About this task:
Return only the lines below starting at the line containing "El Instituto Oncológico" and ending at the line containing "Día de muertos en Chiapas", both included, exactly as they are and with no pictures.

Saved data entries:
——
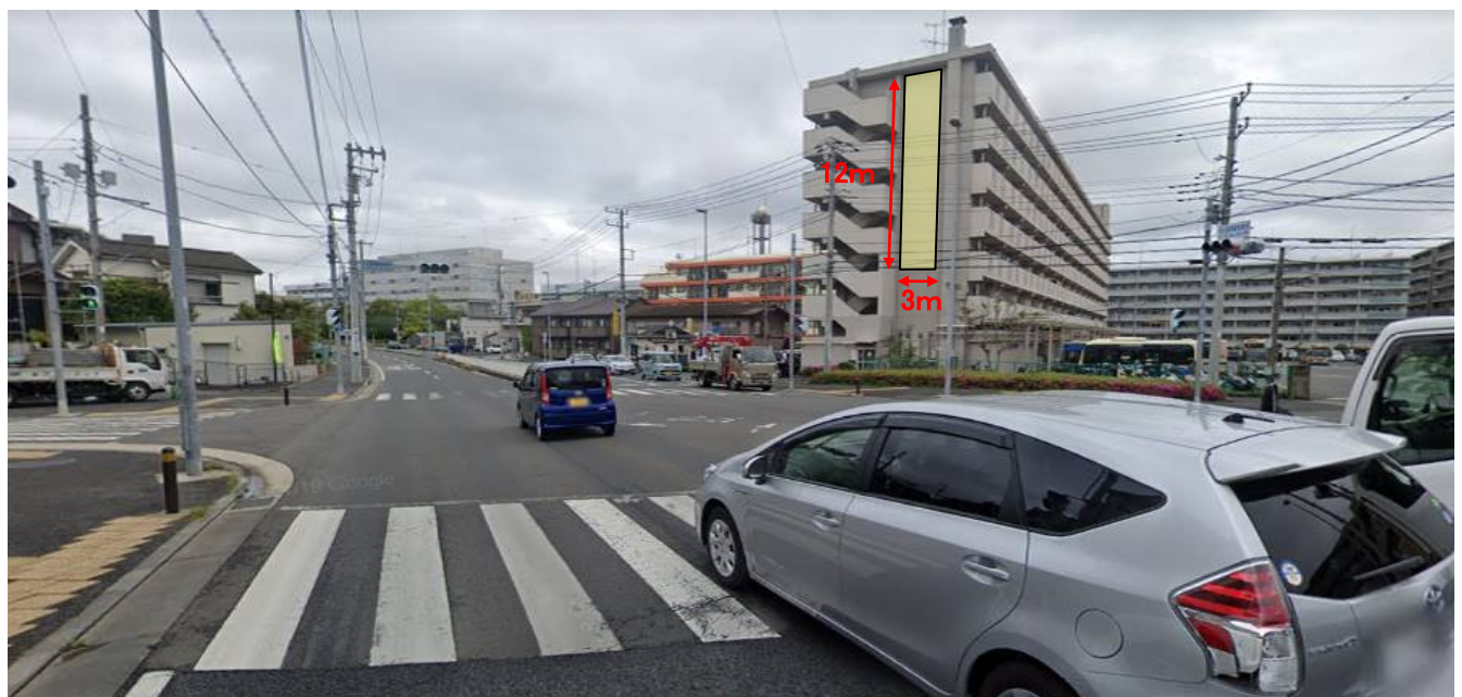
▲市営白山住宅 外観
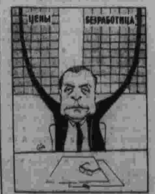
Рисунок из газеты «Драго ружье» (Бельгия).
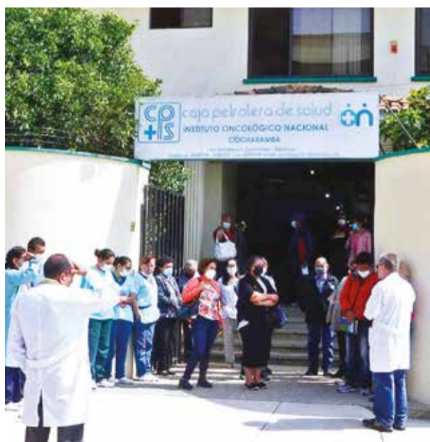
El Instituto Oncológico de la Caja Petrolera. HERNÁN ANDÍA

A esto se suma que la CPS ya tropiezan con la falta de medicamentos e insumos para atender a los pacientes. “Trabajamos como centro de referencia, pero a partir de los problemas administrativos se
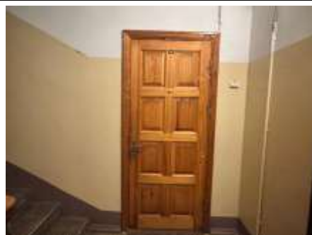
Dzīvokļa Nr.14 ieejas durvis
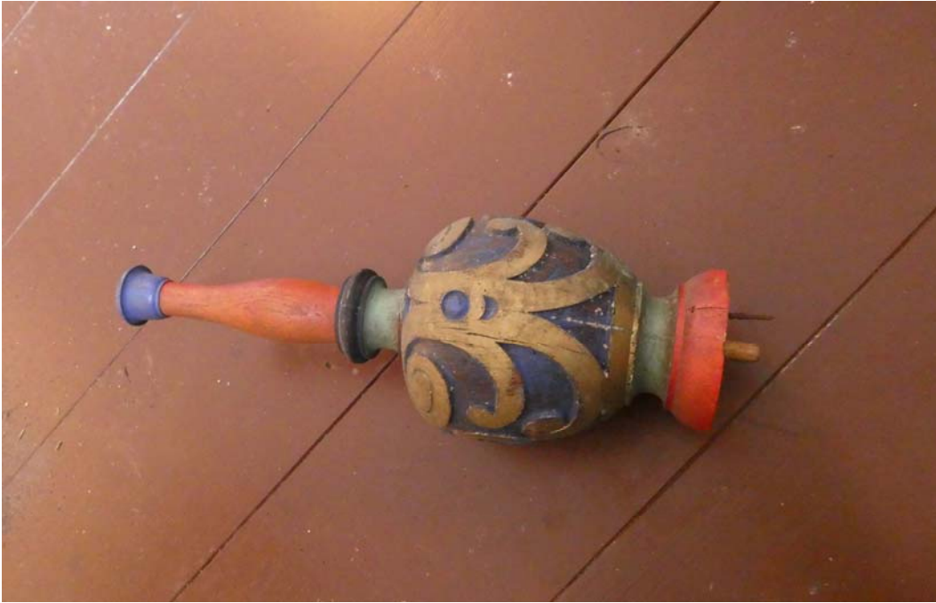
"Spira" i trä som troligen hör till dopfuntsbaldakinen.
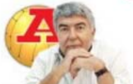
por VÍTOR SERPA

De um lado está, pois, a Federação e os futebolistas profissionais (que já anunciaram também uma greve para o fim de semana de 16 e 17 de maio) e do outro está o governo espanhol e a Liga de clubes, liderada por Javier Tebas.
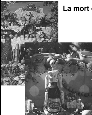
Día de muertos en Chiapas
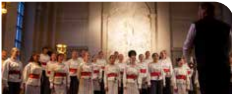
ADOLF FREDRIK'S GIRLS CHOIR (Suecia).
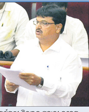
ଅର୍ଥମନ୍ତ୍ରୀ ନିରଞ୍ଜନ ପୂଜାରୀ ବଜେଟ୍ ଉପସ୍ଥାପନ କରୁଛନ୍ତି ।
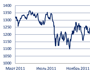
Индекс S&P 500
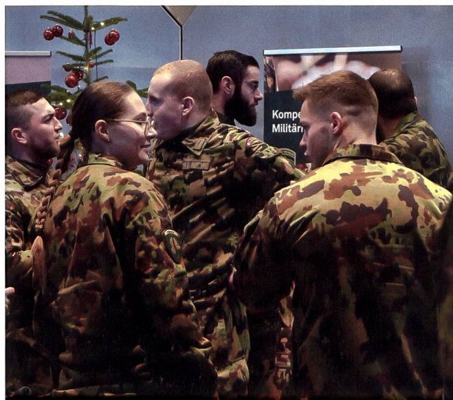
Mit dem Format «Infanterie-Messe» bot der Jahresrapport auch genug Zeit, um sich auszutauschen.
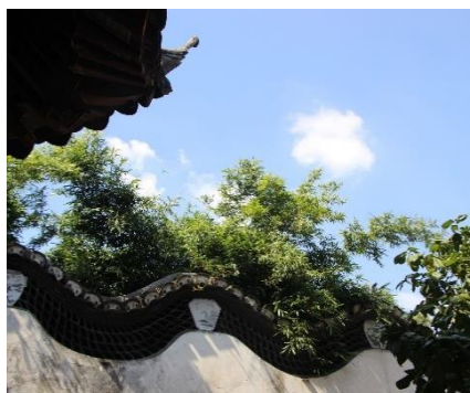
TEJADO ASILVESTRADO DEL JARDÍN YUYUAN

Está dividido en seis áreas principales, cada una con su propia belleza distintiva. El Salón de las Tres Delicias es el edificio principal del jardín y es conocido por su arquitectura clásica y su elegante diseño. Los pabellones, puentes y galerías que se encuentran en el jardín están adornados con intrincadas tallas de madera, piedras preciosas incrustadas y pinturas tradicionales chinas, que reflejan la maestría artística de la época.
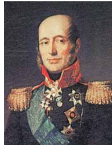
Барклай де Толли

Сегодня снова совершается попытка «объяснить» гражданам
——
Completed task:
El Instituto Oncológico de la Caja Petrolera. HERNÁN ANDÍA

A esto se suma que la CPS ya tropiezan con la falta de medicamentos e insumos para atender a los pacientes. “Trabajamos como centro de referencia, pero a partir de los problemas administrativos se
Dzīvokļa Nr.14 ieejas durvis
"Spira" i trä som troligen hör till dopfuntsbaldakinen.
por VÍTOR SERPA

De um lado está, pois, a Federação e os futebolistas profissionais (que já anunciaram também uma greve para o fim de semana de 16 e 17 de maio) e do outro está o governo espanhol e a Liga de clubes, liderada por Javier Tebas.
Día de muertos en Chiapas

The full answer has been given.